Second Respondent (Relevancy)
[20]      The second respondent maintained that the PH judge had been correct in his description of fraud as requiring a practical result by means of a false pretence.  No practical result had been brought about by the conduct alleged against this respondent in the charge.  The judge had heard evidence that the majority shareholders would have paid no regard to the views of the independent committee, irrespective of what they might have been.  It was essential that a causal connection should exist between an alleged deception and the result suffered by the victim.  The Crown had assumed that the shareholders would have been affected by knowledge of the Ticketus Purchase Agreement, but there was nothing in the charge which laid the foundation for the causal connection required.  Without establishing that the false belief, which the Committee had allegedly acquired, was an operative cause of the sale, no practical result arose from the conduct averred.  Causing a belief was not a practical result. 

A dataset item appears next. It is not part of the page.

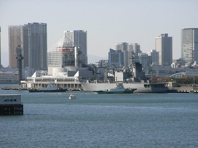 背景に見えてるのは晴海の旅客ターミナルと、汐留の高層ビル街です。

[21]      The judge had been correct to hold that, in a fraud of the type alleged, which was one based upon omission, it was essential to aver a duty to disclose or a basis from which such a duty could be inferred.  No positive act of concealment was libelled against the second respondent.  The judge had been correct to categorise the conduct as one of omission.  Without averments of knowledge on the part of the second respondent in relation to the Agreement, the subparagraph was irrelevant.  In relation to that Agreement, its central purpose was not specified. 

[22]      It was accepted that there could be a crime of conspiracy, even if the subheads did not themselves amount to a crime.  In the context of this case, the PH judge had been correct to conclude that, without a crime alleged within the subparagraph, there could be no relevant basis for a charge of conspiracy.  In referring to the jury directions, the judge was simply demonstrating how the charge came to be irrelevant.  His conclusion that an inference of guilt could not properly be made was correct. 

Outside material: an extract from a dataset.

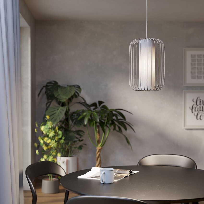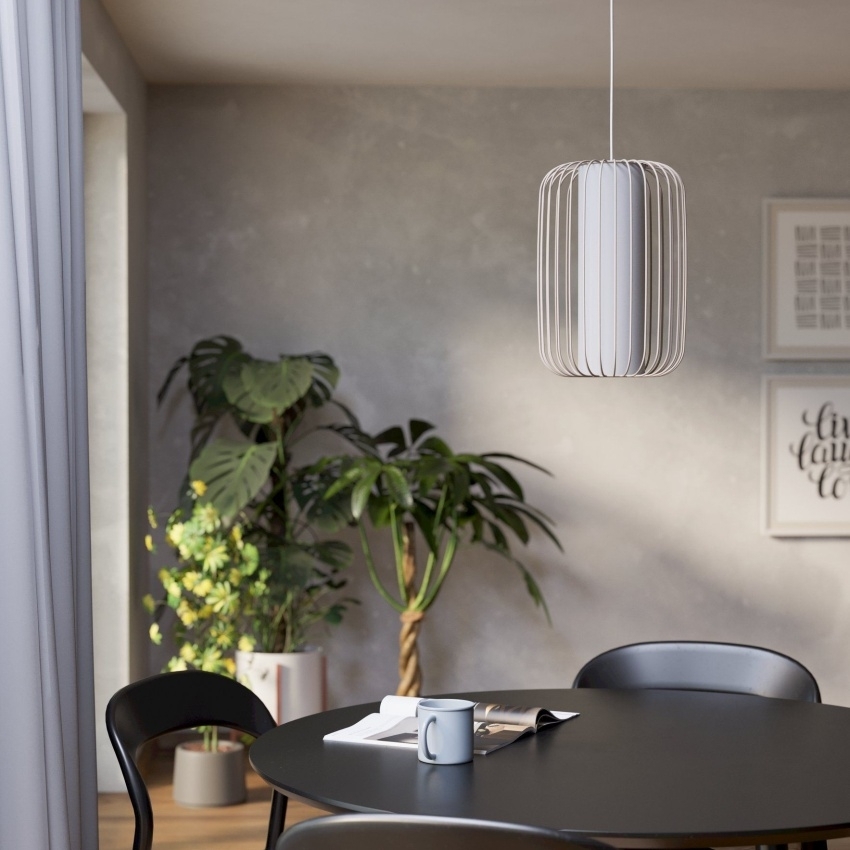 Závěsné svítidlo EGLO TERRAROSA 900866 přináší do interiéru moderní design s přírodním nádechem. Vnější stínidlo tvoří zaoblená kovová konstrukce v pískové barvě, uvnitř se nachází bílý textilní váleček, který zajišťuje příjemné a rovnoměrné osvětlení. Po rozsvícení vytváří svítidlo působivé hry světla a stínu, které dodají místnosti jedinečnou atmosféru. Skvěle se hodí do obývacího pokoje či jídelny nad jídelní stůl. Žárovka není součástí balení, použít lze jakoukoliv s paticí E27.

[23]      Although it may be generally inappropriate to consider amendments to one charge when considering the relevancy of another, the PH judge had not erred in doing so in the particular circumstances of this case.  Section 993 of the 2006 Act made it an offence to carry on business with intent to defraud creditors.  The appointment of an administrator is not of itself a fraud on the company’s creditors.  There were no other averments inferring fraud in respect of the way the company was being run, other than not paying certain creditors.  Not paying creditors was not a fraud.  The Crown had failed to libel in what way not paying the creditors instructed a fraud.  There were no averments of fraudulent trading.  The libel, that the purpose of putting the company into administration was to buy it back free of debt, was misconceived.  The company was never bought back, nor could it have been.  It went into liquidation.  A new company simply bought the assets of the old.  In summary, there were no averments about: the way in which the creditors were to be defrauded; the mismanagement of the company; how placing the company into administration could defraud creditors; and how the creditors of the company came to be defrauded by the sale of assets. 

 

First respondent (Oppression)
[24]      The first respondent maintained that the PH judge had been correct in his conclusions relative to the legally privileged documents.  These had been seized from the first respondent’s home, despite the respondent having told the police that the documents were legally privileged.  Although an undertaking had been subsequently given by the Crown to appoint a commissioner to consider the issue of privilege, the documents were not sent to a commissioner, but examined by the Crown and disclosed to the co-accused.  All three documents related to civil proceedings by the administrators of Rangers against Collyer Bristow, of which the first respondent was a partner.   The Crown had repeatedly maintained that legal privilege had been waived, but at a hearing on 22 February 2016, it was accepted that legal privilege had been asserted, but ignored.  Not only had the documents been viewed by the Crown, even after the assertion of legal privilege in the English court proceedings, the Crown had sent the documents to a forensic accountant for consideration.  The resultant report referred to all three documents.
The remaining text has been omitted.